> WORK TO COMPLETE
Pictures excluded, reproduce exactly the lines below from the one with "Cristiano Ronaldo celebra" through the one with "宮崎初かつおフェア実行委員会 〔宮崎のさかなビジネス拡大協議会〕 〔宮崎県おさかな普及協議会連合会〕", both included.

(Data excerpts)
----------------------------------------

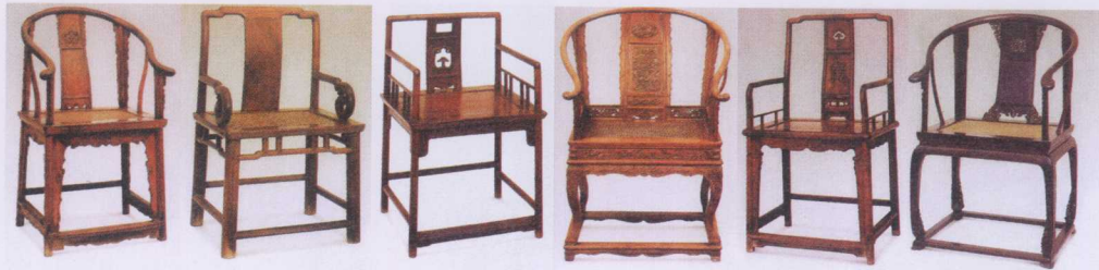
图1-5 明朝官帽椅，统一型制？大相径庭！代表着华夏文化的精髓和内敛
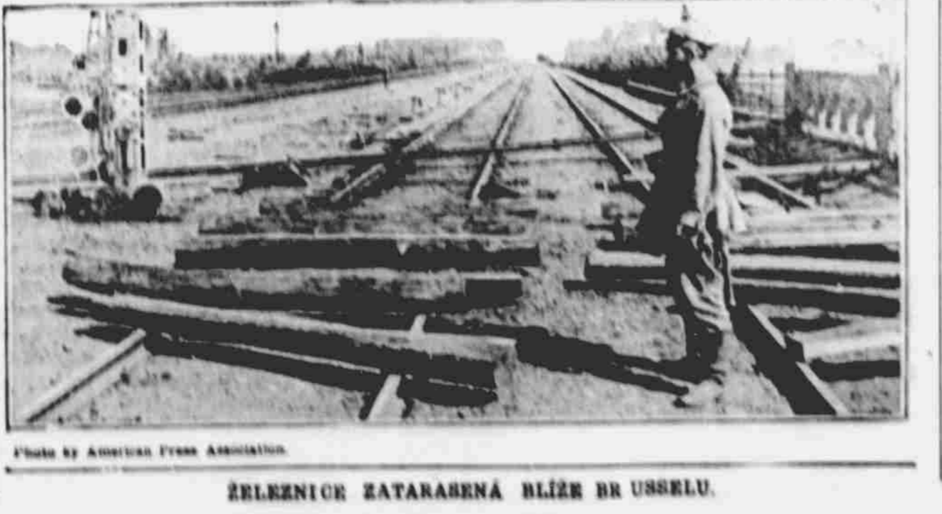
REKONSTRUKCE ZATARAŠENÁ BLÍŽ BR USSERLU.
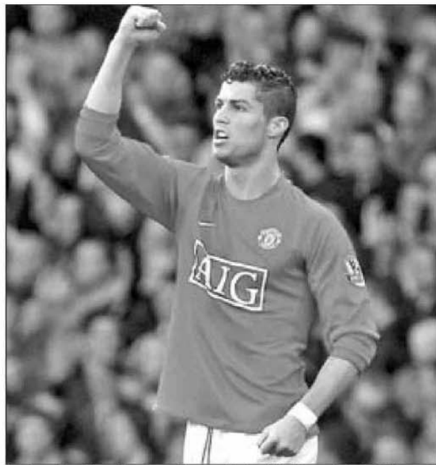
Cristiano Ronaldo celebra un gol frente al Aston Villa el pasado 5 de abril.
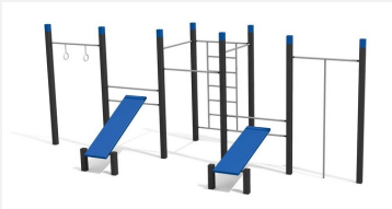
SWC.4558 Streetworkout 558
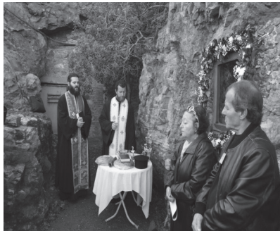
Στιγμιότυπο από την δέηση της Αγ. Βαρβάρας.
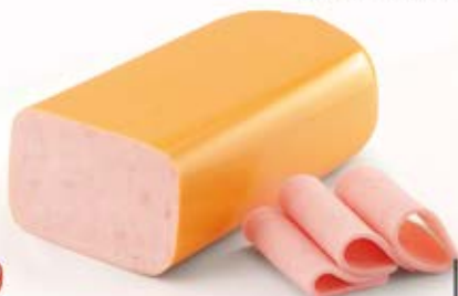
SZYNKĄ Z PIERSIĄ INDYKA
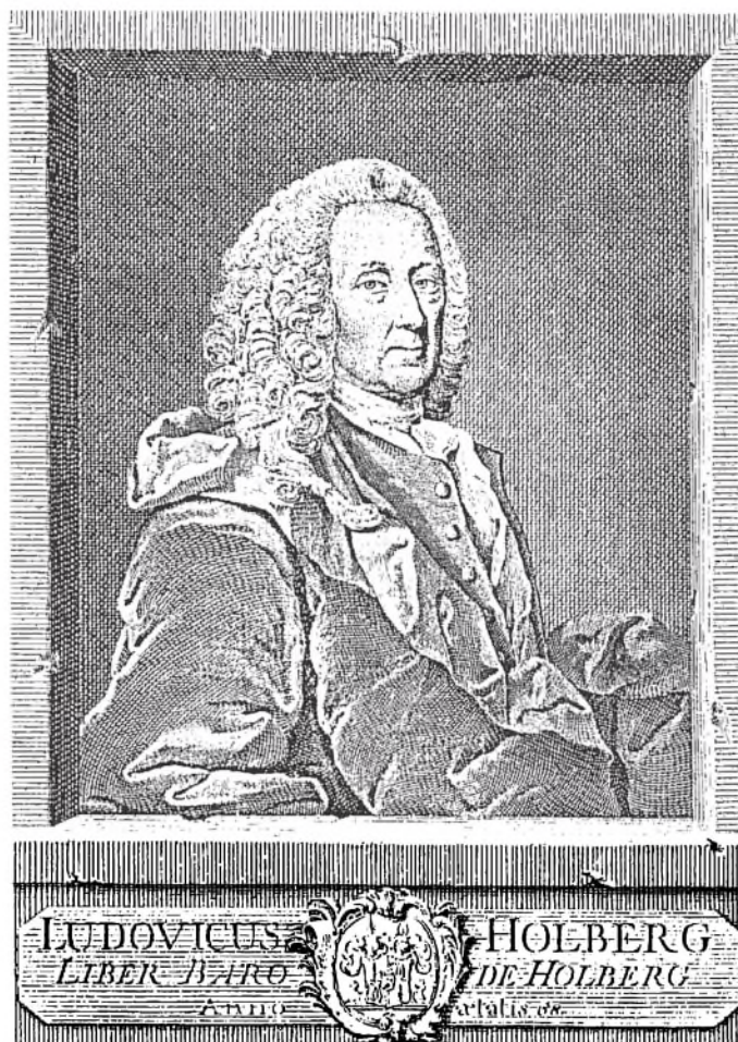
Ludvig Holberg (1684-1754), forfatter, professor og godsejer.
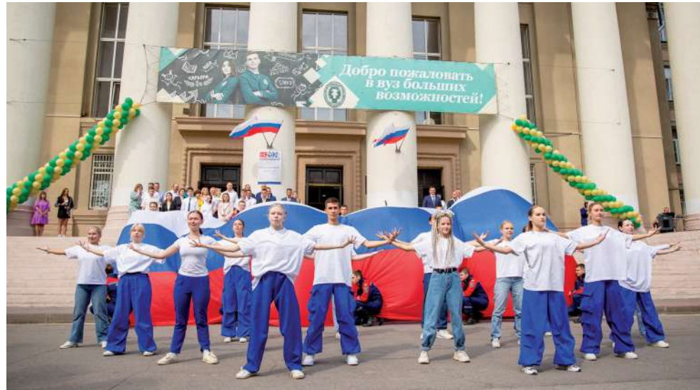
Ярким завершением торжественной линейки, посвященной Дню знаний, стал студенческий флешмоб
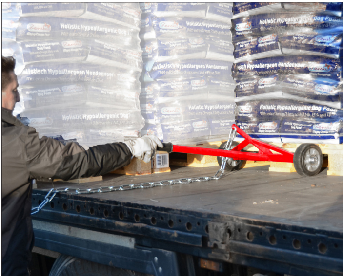
Einsetzen in die Palette
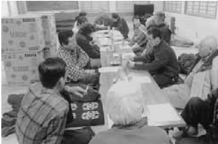
防災訓練について話し合い

十勝岳の泥流災害の危険地域にあることから、住民会独自の防災訓練に対応しています。今年2月の訓練では、実際の災害を想定した避難所の運営を行いました。訓練にあたり役員会などで話し合い、訓練参加への啓発活動を行うなど、住民の防災意識を高めてきています。
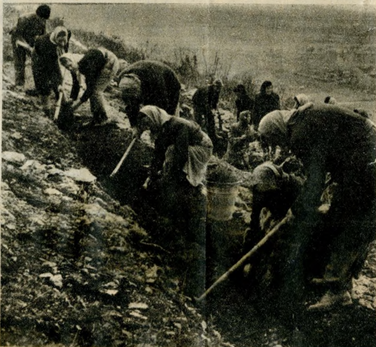
Hosszú árkokat ásnak a hegyoldalba, jól előkészítik a földet a csemetéknek
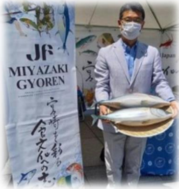
河野知事も応援!! 「食×農×音楽の祭典」(2022.5.3)

宮崎初かつおフェア実行委員会 〔宮崎のさかなビジネス拡大協議会〕 〔宮崎県おさかな普及協議会連合会〕
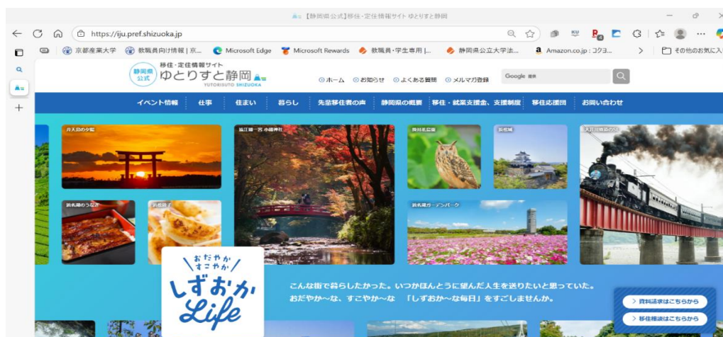
図1 「ゆとりすと静岡」のトップページ
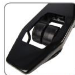
Die Zwillingsgabelrollen sichern optimale Drehbewegungen.
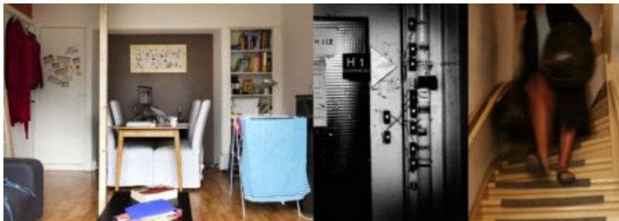
Boven: pagina 56 en 57;
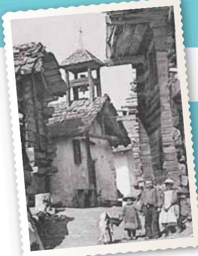
La chapelle de Chandolin.
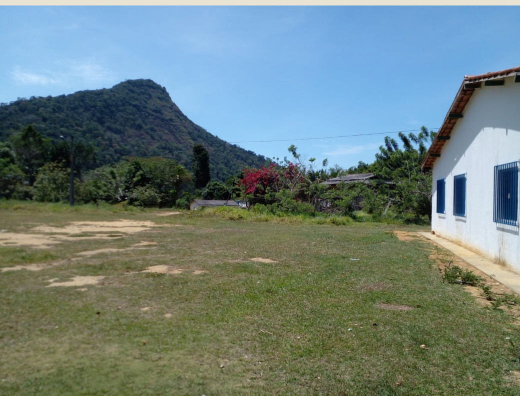
Escola Pataxó no Pé do Monte

Na escola do Pé do Monte, estamos em fase de planejamento junto aos professores para pensar as possibilidades de ações de EA de acordo com as necessidades da escola e a realidade socioambiental da aldeia. Essa escola fica no entorno do Parque Nacional do Monte Pascoal, uma região rica em biodiversidade florestal. Os indígenas dessa aldeia já são parceiros antigos do Arboretum pois são coletores de sementes para a produção de mudas na base do Programa.
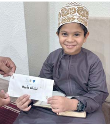
■ غرس السلوكيات الإيجابية في نفوس الأطفال
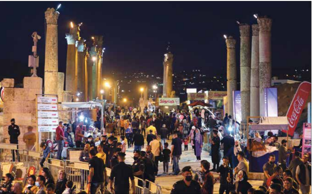
ساهر صهرجات حزين في شهرة الفنان العراقي
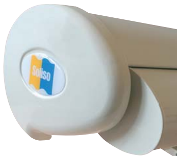
Joues de coffre moulées en aluminium
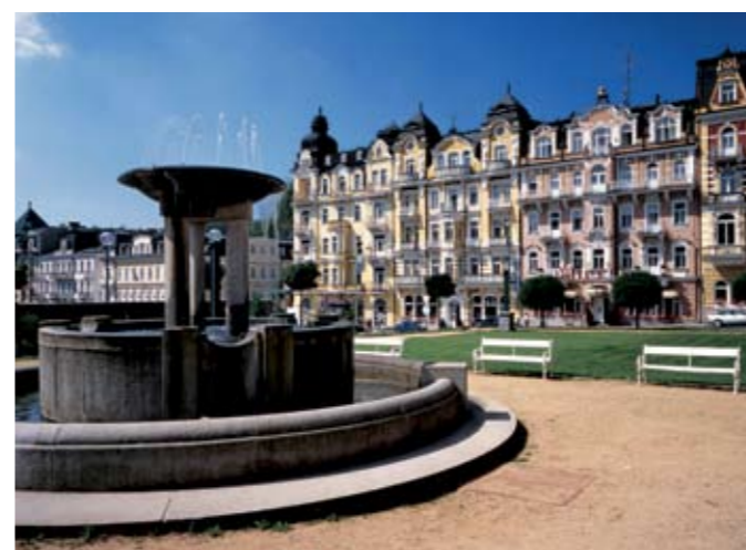
В Марианских Лазнях из-под земли бьют целебные родники, приносящие искрящуюся силу таинственных глубин Славковского леса.
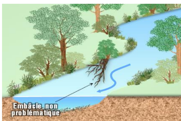
Embâcle non problématique
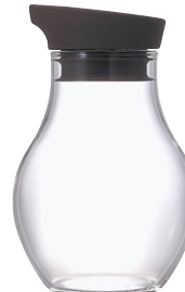
ニューバ・調味料入れフラット 180 NCF-180CGR

C/T36 811447 径 74・高 114 口径 44 実用容量 180ml
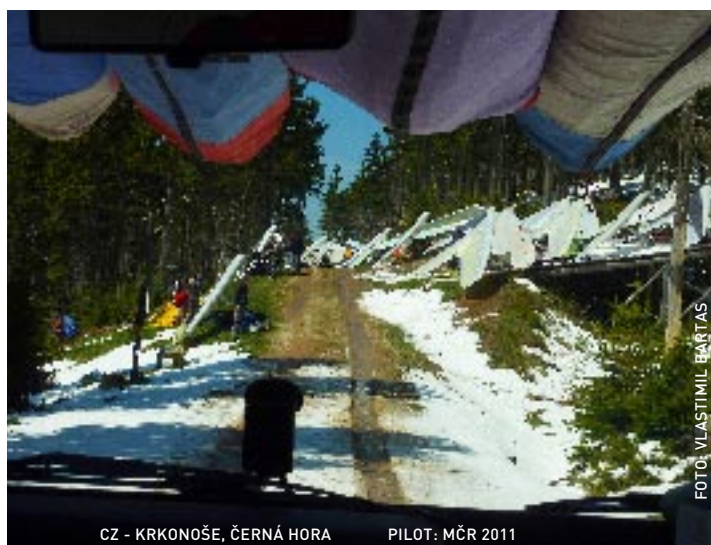
CZ - KRKONOŠE, ČERNÁ HORA PILOT: MČR 2011
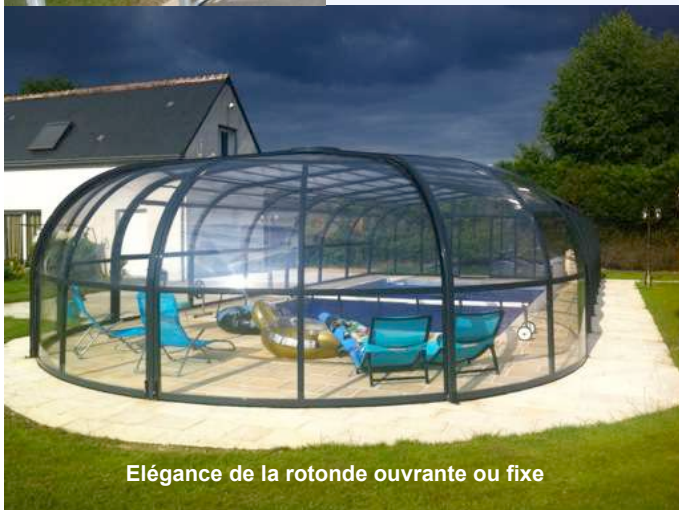
Elégance de la rotonde ouvrante ou fixe

Trappes relevables en 2 parties Permettant une parfaite aération en conservant la sécurité
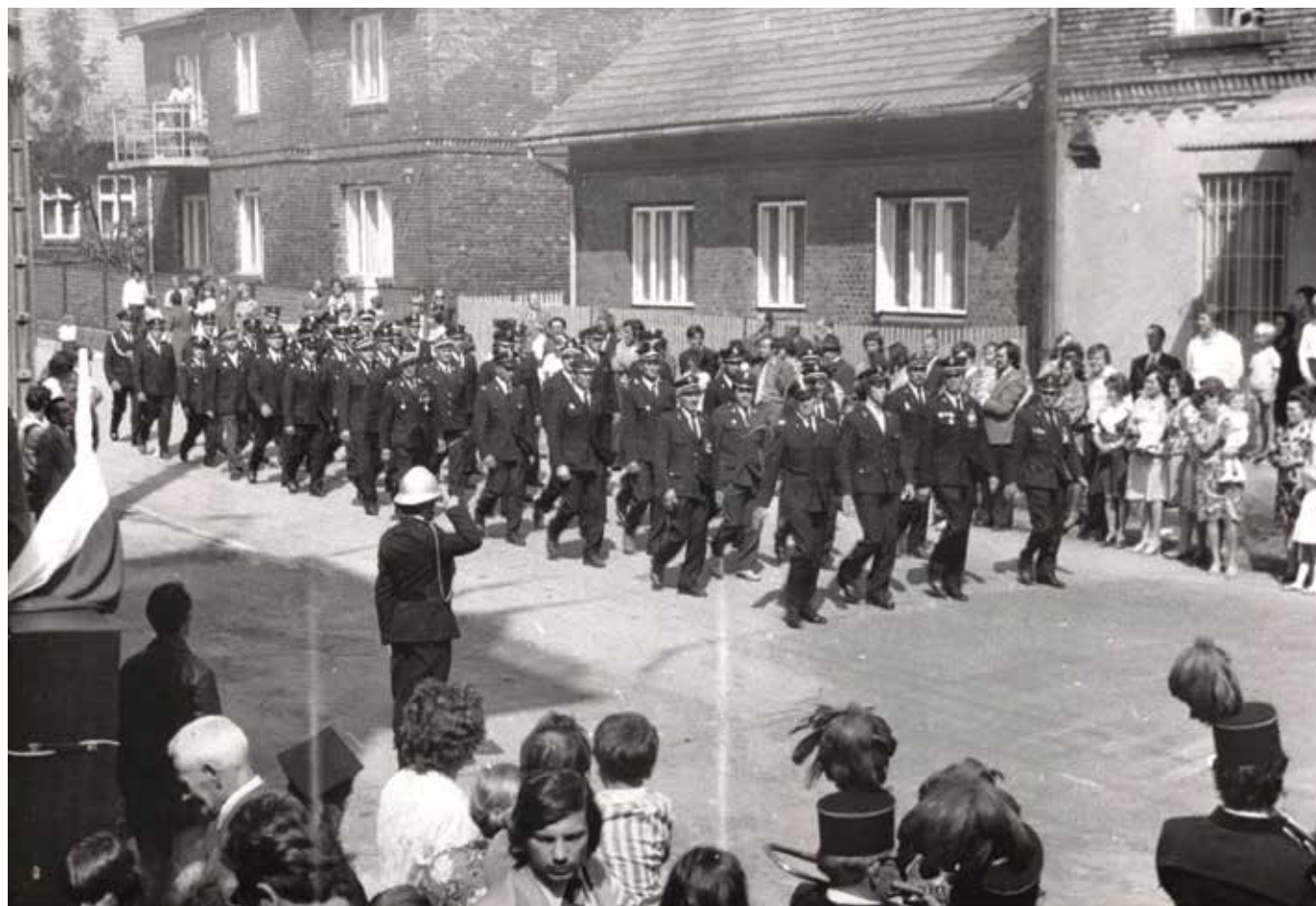
Obchody 50-lecia jednostki w 1976 r. Przemarsz strażaków ochotników ul. Floriańską.

Libiążanów – tak z Libiąża Wielkiego, Małego, jak i z Moczydła – od wieków przerażał żywioł ognia. Ze zgrozą wspomniano wielkie pożary z przełomu wieków XIX i XX, które trawiły ogromne obszary wsi, wiele dziesiątek domów i zabudowań gospodarczych. Żywioł pojawiał się najczęściej latem, w okresie żniw, a ogień rozprzestrzeniał się, korzystając z drewnianego budulca chałup, z łatwopalnych strzech i ze zgromadzonych zasobów siana i słomy. Przy suchej i wietrznej aurze pożar stawał się praktycznie niemożliwy do opanowania. Każde takie wydarzenie wpędzało dziesiątki libiąskich rodzin w nędzę. W tej sytuacji szukano różnych metod zabezpieczenia przed ogniem. Wymyślono m.in. funkcję stróża, który obserwował wieś – szczególnie w nocy, kiedy spadała czujność – i alarmował w przypadku zagrożenia. Korzystano również z opieki św. Floriana, któremu wybudowano na głównej drodze przez wieś kapliczkę (stąd dzisiejsza nazwa ul. Floriańskiej). Potrzebna była
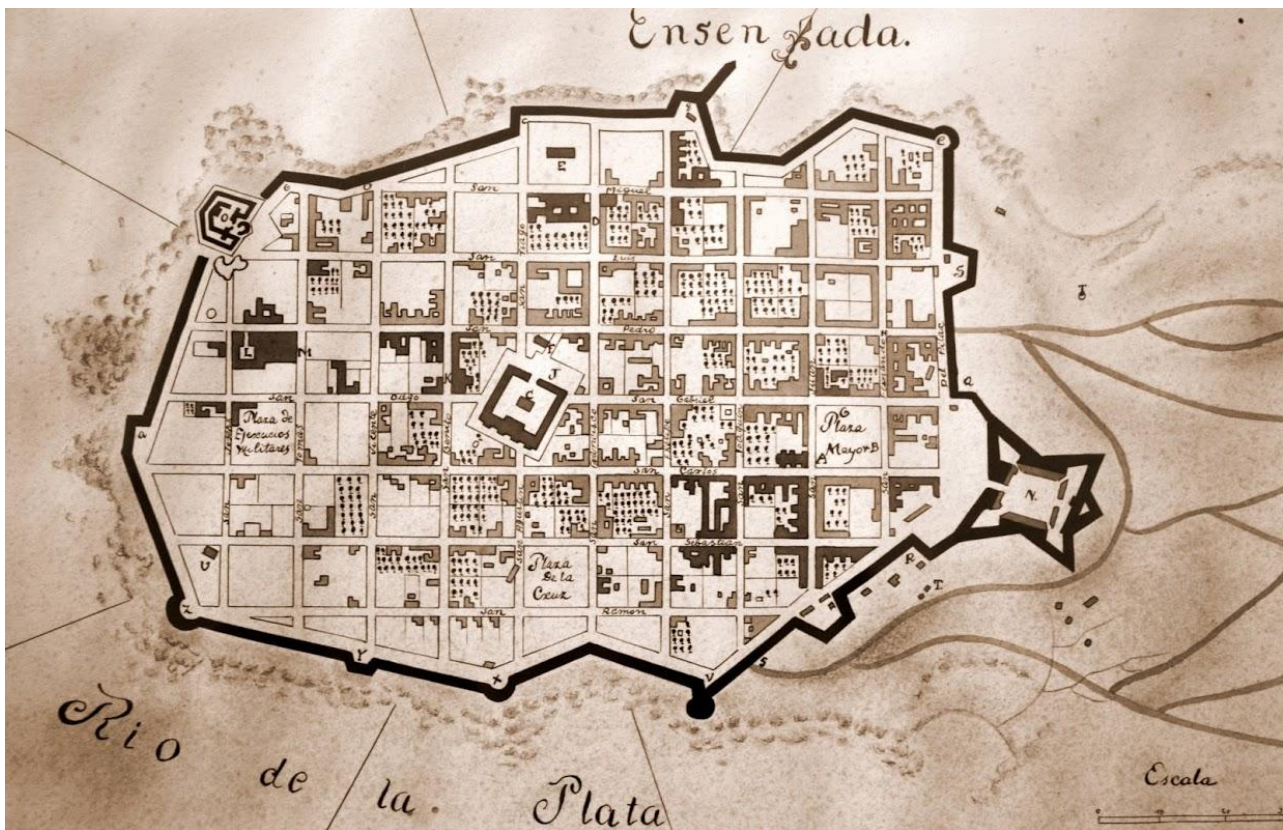
Montevideo Antigo. Plano de Juan de los Reyes; 1800. En el Cabildo de Montevideo.

Museo de las Migraciones. El sistema defensivo de Montevideo Antigo. Exposición fotográfica y de hallazgos arqueológicos llevada a cabo, en marzo de 2012, en el Museo de las Migraciones, ubicado en Montevideo, Bartolomé Mitre 1550, esquina Piedras.

----------------------------------------

> ANSWER TO THE PROBLEM
Cristiano Ronaldo celebra un gol frente al Aston Villa el pasado 5 de abril.
SWC.4558 Streetworkout 558
Στιγμιότυπο από την δέηση της Αγ. Βαρβάρας.
SZYNKĄ Z PIERSIĄ INDYKA
Ludvig Holberg (1684-1754), forfatter, professor og godsejer.
Ярким завершением торжественной линейки, посвященной Дню знаний, стал студенческий флешмоб
Einsetzen in die Palette
防災訓練について話し合い

十勝岳の泥流災害の危険地域にあることから、住民会独自の防災訓練に対応しています。今年2月の訓練では、実際の災害を想定した避難所の運営を行いました。訓練にあたり役員会などで話し合い、訓練参加への啓発活動を行うなど、住民の防災意識を高めてきています。
Hosszú árkokat ásnak a hegyoldalba, jól előkészítik a földet a csemetéknek
河野知事も応援!! 「食×農×音楽の祭典」(2022.5.3)

宮崎初かつおフェア実行委員会 〔宮崎のさかなビジネス拡大協議会〕 〔宮崎県おさかな普及協議会連合会〕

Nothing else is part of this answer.